I’m still open to the idea that there may be a lot of potential in learning category theory. David Spivak told me “A lot of what people do in databases is really Kan extensions” and said his collaborators were able to create an extremely powerful database engine in a measly 5000 lines of Java. Someday, I’ll read his book  and find out. Until then, I don’t recommend programmers study category theory unless they like learning math for its own sake.


So, here’s the overall tally of fields and their usefulness in terms of lessons for software design:

  • Type theory: Very useful
  • Program Analysis: Not useful, other than the definition of “abstraction.”
  • Program Synthesis: Old-school derivational synthesis is useful; modern approaches less so.
  • Formal Verification: Mechanized verification is very useful; automated not so much.
  • Category theory: Not useful, except a small subset which requires no category theory to explain.

So, we have a win for type theory, a win for the part of verification that intersects type theory (by dealing with types so fancy that they become theorems), and a wash for everything else. So, go type theory, I guess.

In conclusion, you can improve your software engineering skills a lot by studying theoretical topics. But most of the benefit comes from the disciplines that study how programs are constructed, not those that focus on how to build tools.

Appendix: Learning Type Theory

Some of you will read the above and think "Great," and then rush to Amazon to order a type theory book.

I unfortunately cannot endorse that, namely because I can't endorse reading textbooks as a good way to learn type theory.

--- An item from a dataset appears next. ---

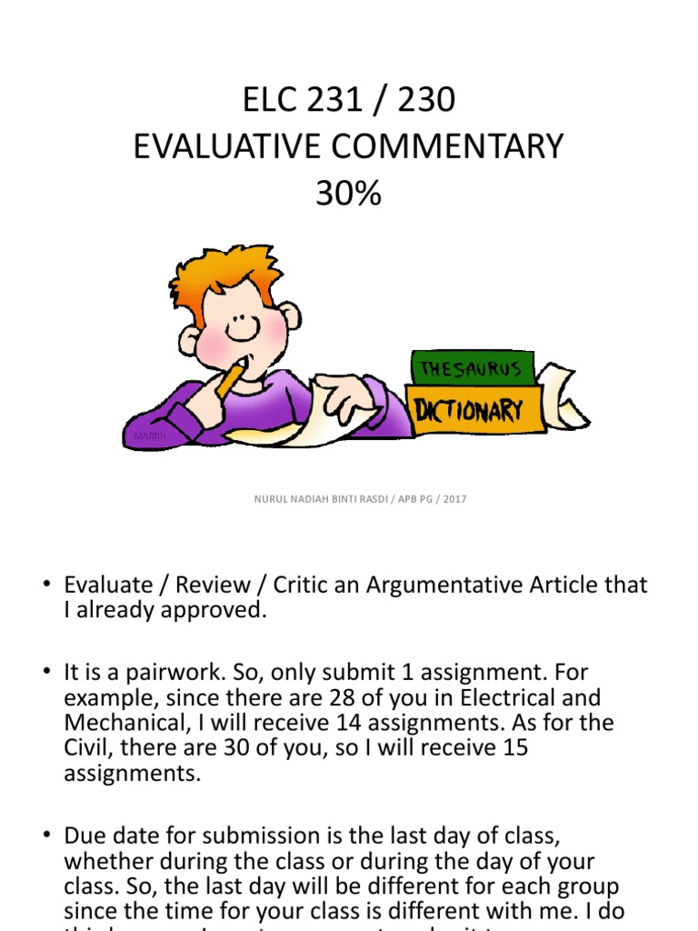 Elc231 Evaluative Commentary | Sentence (Linguistics) | Paragraph

The two main intro type theory textbooks are Practical Foundations for Programming Languages (PFPL) and Types and Programming Languages (TAPL). I'm more familiar with PFPL, but I regard them as pretty similar. Basically, both present the subject as pretty dry, consisting of a list of rules, although they try to add excitement by discussing their significance. The rules have a way of coming alive when you try to come up with them yourself, or come up with rules for a variant of an idea found in a specific programming language. This is how I tutor my undergrads, but it's hard to communicate in book format.

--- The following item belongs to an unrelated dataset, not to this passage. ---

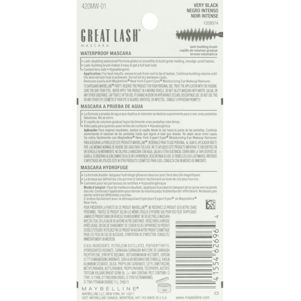 Maybelline Great Lash Waterproof Mascara, Very Black [111], 0.43 oz

So, what's the right way to learn type theory on your own? I don't have one. The best I can share right now is the general advice that following a course website that uses a book is often better than using the book itself. The best way for practitioners to learn type theory has yet to be built.

Liked this post?

Related Articles


  1. Thanks for this. I have recently run into existential types when studying differences between ADTs and objects. Your comments are intriguing. Any chance you will be writing more about this or could point me to other resources who make the connections you are talking about?

    1. You mean as far as objects?

      There's not really a single existing article I can point to that explains objects in full. I'm guessing you've already seen "On Understanding Data Abstraction, Revisited" and perhaps its follow-up "The Power of Interoperability: Why Objects are Inevitable." Can you give me a few more keywords about what you're looking for?

    2. I have read the Cook paper but not the follow-up, will read.

      I've only put my toe in the water of existential types but haven't yet got the intuition behind your statement that they 'formalize “abstraction boundaries,” and the differences between different ways of abstraction such as objects vs. modules are best explained by their different encodings into existential types.'

      (sorry if this is a dupe, I think I may not have had NoScript configured properly on 1st reply)

    3. That idea is in the classic paper "Abstract Types Have Existential Type." Here's a blog post that tries to explain it:

    4. Thank you very much!

      Oh yeah -- figured out I blindly clicked the Sign Out button on first time... almost just did it again. I'm very trained on that right-justified single button location haha.

  2. I think if you're designing a new programming language all these observations do not apply. Similarly if you're designing a library that integrates a new paradigm or way of thinking into an existing language, these observations do not apply. Otherwise interesting and I think mostly correct analysis.